Capital Football
- Founded: 1890
- Headquarters: Home of Football, Memorial Park, Wellington
- FIFA affiliation: New Zealand Football
- Chief Executive: Richard Reid
- Website: capitalfootball.org.nz

= Capital Football (New Zealand) =

Capital Football is one of six federations of New Zealand Football, representing the wider Wellington Region, including Hutt Valley, Wairarapa and Horowhenua-Kāpiti.

== History ==

Capital Football was first formed as Wellington Football Association (WFA) on 12 March 1890. Before the association was formed, teams had already been formed in Wellington, with the Wellington Rovers being the first formed on the 3 April 1889. The first game played under the English Football Association rules was played between two teams of Wellington Rovers players on the 6 April 1889. The first game between two clubs was played later that year on 8 June between the Rovers and the newly formed Petone Wanderers. The game was played at Wellington College with the Wanderers winning 2–0.
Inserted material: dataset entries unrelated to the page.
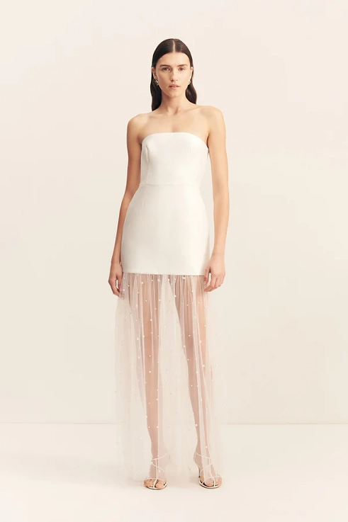 Strapless maxi dress in ivory in a luxurious cotton sateen blend, with sheer tulle adorned with fine pearl-like beads forms the skirt, complemented by smooth matte fabric for a soft, structured feel with an ethereal finish.
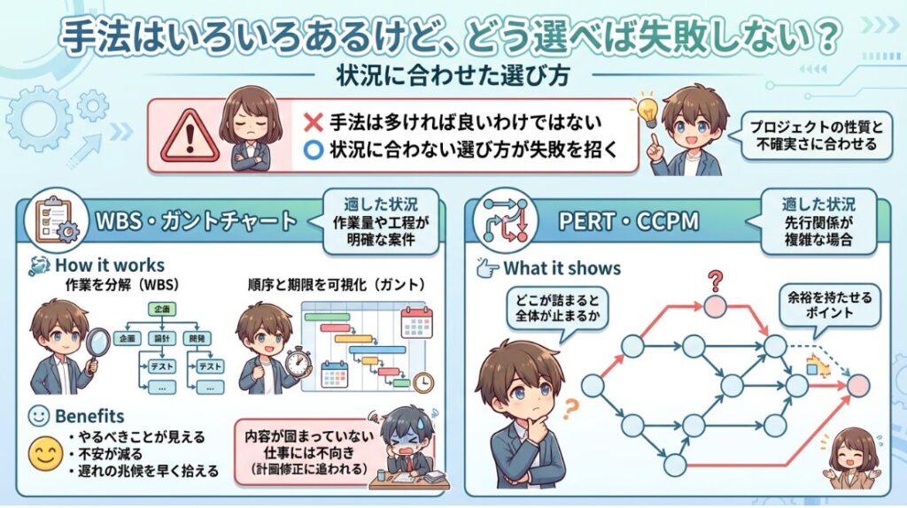 手法は多ければ良いわけではなく、状況に合わない選び方が失敗を招きます。大切なのは、プロジェクトの性質と不確実さの大きさに合わせて、無理のない型を使うことです。
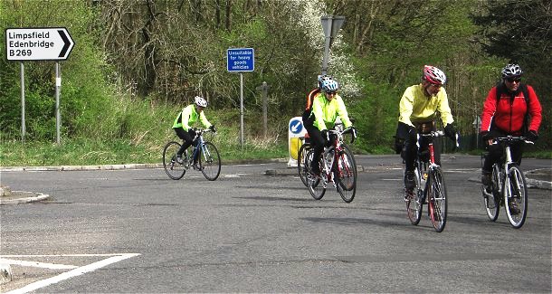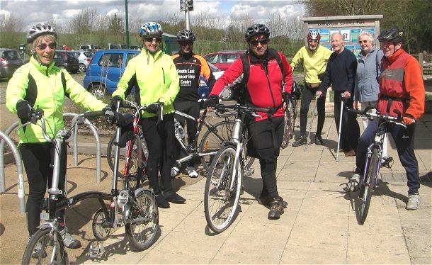 After a damp Easter Sunday and much wetter Monday, the sun came out for our Tuesday ride. To make up for the zero turn out on Sunday we had a full compliment on this occasion.  Sandra, back from her visit to New Zealand (there must be something worthwhile to write about?), Julia full of the joys of spring, a welcome return on a Tuesday by Graham, Brompton mounted Stuart (our photographer), and two who only just made it in time, Tom and Chris Vaz.
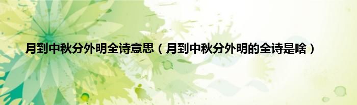 大家好,小科来为大家解答以上问题。月到中秋分外明全诗意思,月到中秋分外明的全诗是啥很多人还不知道,现在让我们一起来看看吧!
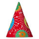 Fun custom kid's Birthday party paper cone hats. Cute design with personalised age number and fireworks and bright colours. Colours can be changed. Colourful design for children's celebration.
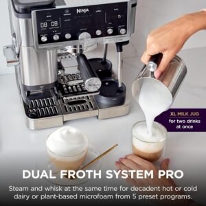 Ninja’s most premium guided experience that makes espresso uncomplicated. The Ninja Luxe™ Café Pro Series is an intelligent espresso & coffee system with 4-in-1 versatility (no guesswork espresso machine, well balanced drip coffee maker, rapid cold brew creator and independent hot water system), that helps you elevate your coffee routine and create café-quality drinks at home. Create perfect pucks at the pull of a lever with the integrated tamper. Barista Assist Technology™ guides you to the perfect cup from grind size recommendations to automated brew adjustments, while the Dual Froth System Pro effortlessly creates perfectly textured microfoam hands-free. Easy-to-clean, insulated steam wand and XL Milk Jug elevate your at-home coffee routine, and create froth for two drinks with 5 preset froth functions including steamed milk, thin froth, thick froth, extra-thick froth, and cold foam.
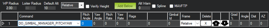 Mission PlannerSettings for DO_GIMBAL_MANAGE_PITCHYAW command¶
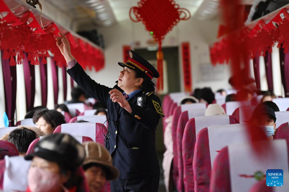 Train conductor Liu Qiumei checks the luggage rack on the train No. 7503 in northwest China's Gansu Province, Feb. 4, 2024. The pair of "slow trains" No. 7503 and No. 7504 run between Tianshui and Longxi in Gansu. Local residents are now taking them to travel between their towns and the urban areas to shop for goods in preparation of the upcoming Chinese Lunar New Year, or the Spring Festival. (Xinhua/Chen Bin)
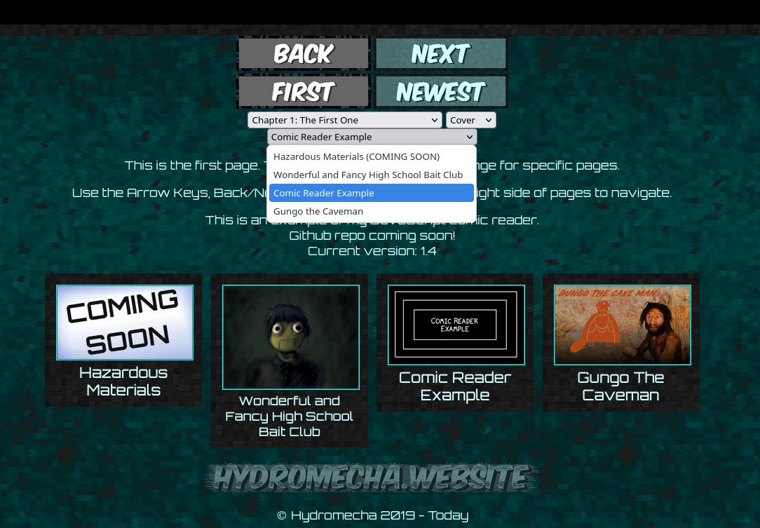The comic reader on Hydromecha.Website got a major overhaul recently. Instead of needing to go to a separate page to read each comic, everything now lives on a single .html file, using JavaScript to swap what comic is loaded. Individual comics can be linked to thanks to the hash system in the URL. I still need to get individual page URLs set up (so you can link to specific pages), among other things. I still have to go back through a bunch of stuff to swap out links to the old comic webpages.
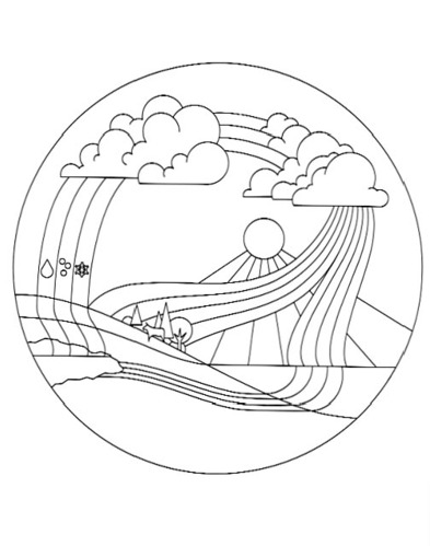 Illustration depicts a water cycle.
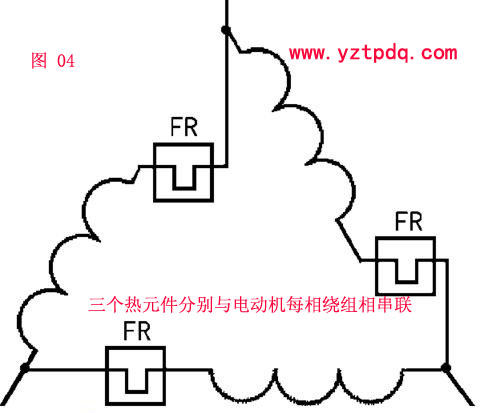 把普通熱繼電器的三個(gè)熱元件分別與電動(dòng)機(jī)每相繞組相串聯(lián),如圖04所示。
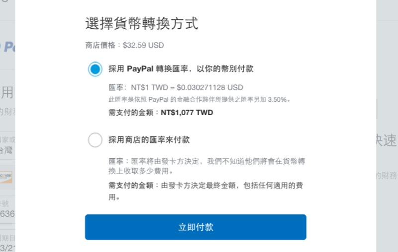 最後這邊可以自己決定,我自己算是沒差太多啦,所以可以用 Paypal 來轉換匯率就可以了。

Some of the first clubs that were part of the Wellington Football Association are still in existence today including Waterside (1921), Swifts (1894) and Karori (1912) who are now Waterside Karori. United (1892) and Diamond (1893) who are now Wellington United. Porirua United (1904) and Hospital (1907) who are now Western Suburbs. Wellington Marist (1902) and Miramar Rangers (1908) also still play under their original names.

In 1984 the association changed their name to Wellington Soccer Association (WSA). During May 1999 New Zealand Soccer set up the seven Federations when previously there was 23 District Associations, WSA looked after Federation Five and then incorporated and renamed as Capital Soccer on 29 November 2000. When New Zealand Soccer changed their name to New Zealand Football, the federations followed suit and Capital Soccer became Capital Football in 2007.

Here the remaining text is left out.